- WHAT YOU WILL DO: Reproduce the listing below exactly, minus its pictures.

- RAW DATA:
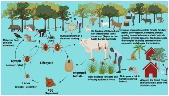 Ticks, mammals, and birds maintain the KFD virus through cycles. Monkeys, particularly Macaca radiata (bonnet macaque) and langurs in the genus Semnopithecus, are susceptible and often fatal hosts, yet they serve as important reservoirs. Cattle, the primary hosts for the ticks, do not amplify the virus, and their role in KFD transmission requires further investigation [227,228]. Tick species such as Haemaphysalis turturis, Haemaphysalis kinneari, Haemaphysalis kyasanurensis, Haemaphysalis wellingtoni, Haemaphysalis minuta, Haemaphysalis cuspidata, Ixodes petauristae, Ixodes sceylonensis, Dermacentor auratus, and Rhipicephalus haemaphysaloides have been reported in eleven out of 29 states and 7 union territories in India, and they are capable of carrying the virus [45,229].
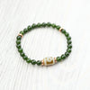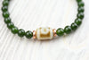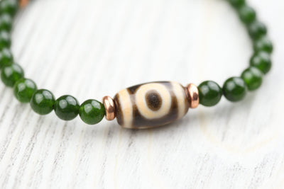 • A DharmaShop exclusive design, this bracelet features bold Green Jade beads with a true agate Dzi bead centerpiece and copper spacers.
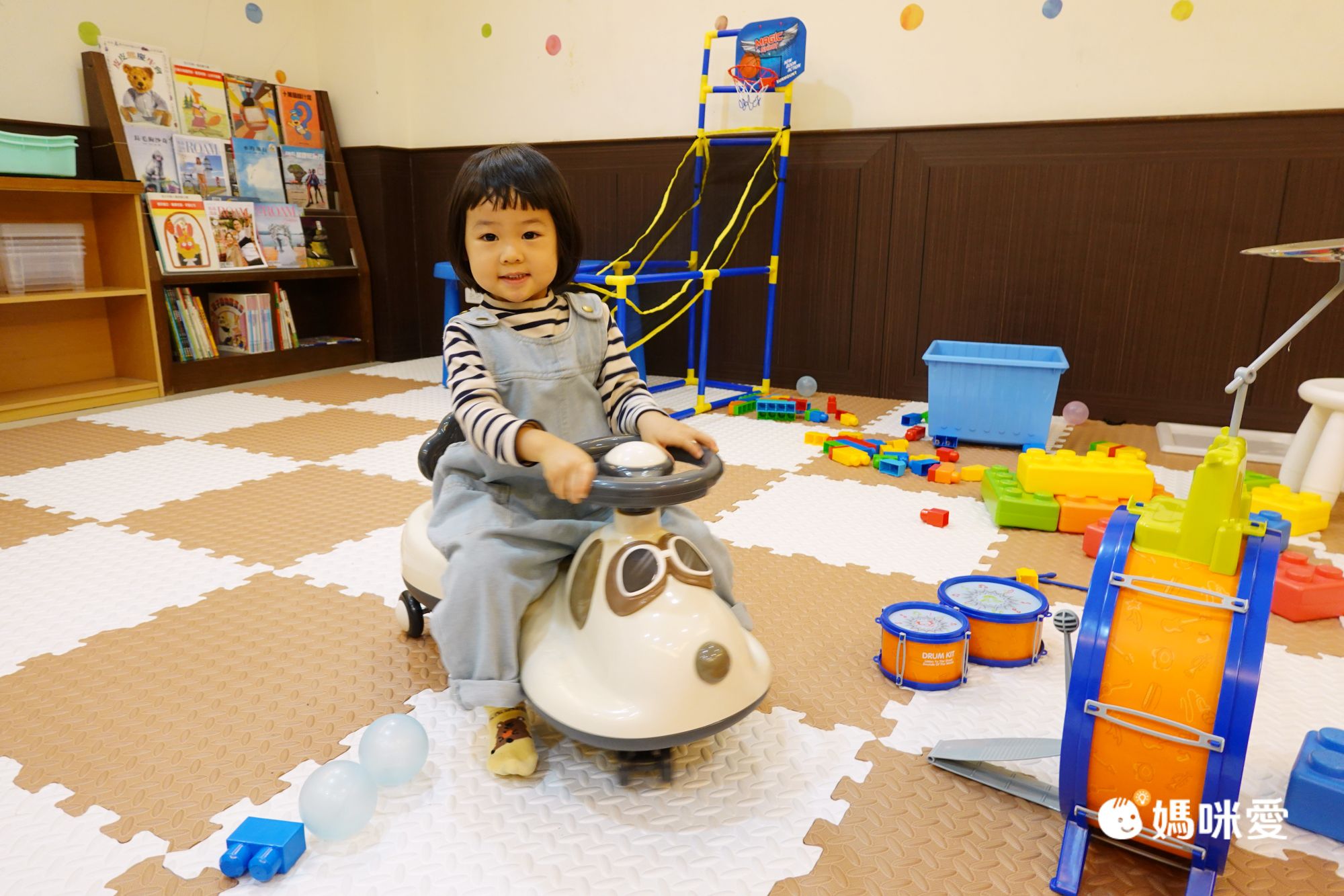 CHECK IN完,我們就帶柳橙到樓下兒童遊樂區,她非常忙碌的跑來跑去,一下玩扮家家酒、一下又騎車到處繞,玩到後來要強行帶走才能去吃午餐啊…

- ANSWER BELOW:
 Ticks, mammals, and birds maintain the KFD virus through cycles. Monkeys, particularly Macaca radiata (bonnet macaque) and langurs in the genus Semnopithecus, are susceptible and often fatal hosts, yet they serve as important reservoirs. Cattle, the primary hosts for the ticks, do not amplify the virus, and their role in KFD transmission requires further investigation [227,228]. Tick species such as Haemaphysalis turturis, Haemaphysalis kinneari, Haemaphysalis kyasanurensis, Haemaphysalis wellingtoni, Haemaphysalis minuta, Haemaphysalis cuspidata, Ixodes petauristae, Ixodes sceylonensis, Dermacentor auratus, and Rhipicephalus haemaphysaloides have been reported in eleven out of 29 states and 7 union territories in India, and they are capable of carrying the virus [45,229].
 • A DharmaShop exclusive design, this bracelet features bold Green Jade beads with a true agate Dzi bead centerpiece and copper spacers.
 CHECK IN完,我們就帶柳橙到樓下兒童遊樂區,她非常忙碌的跑來跑去,一下玩扮家家酒、一下又騎車到處繞,玩到後來要強行帶走才能去吃午餐啊…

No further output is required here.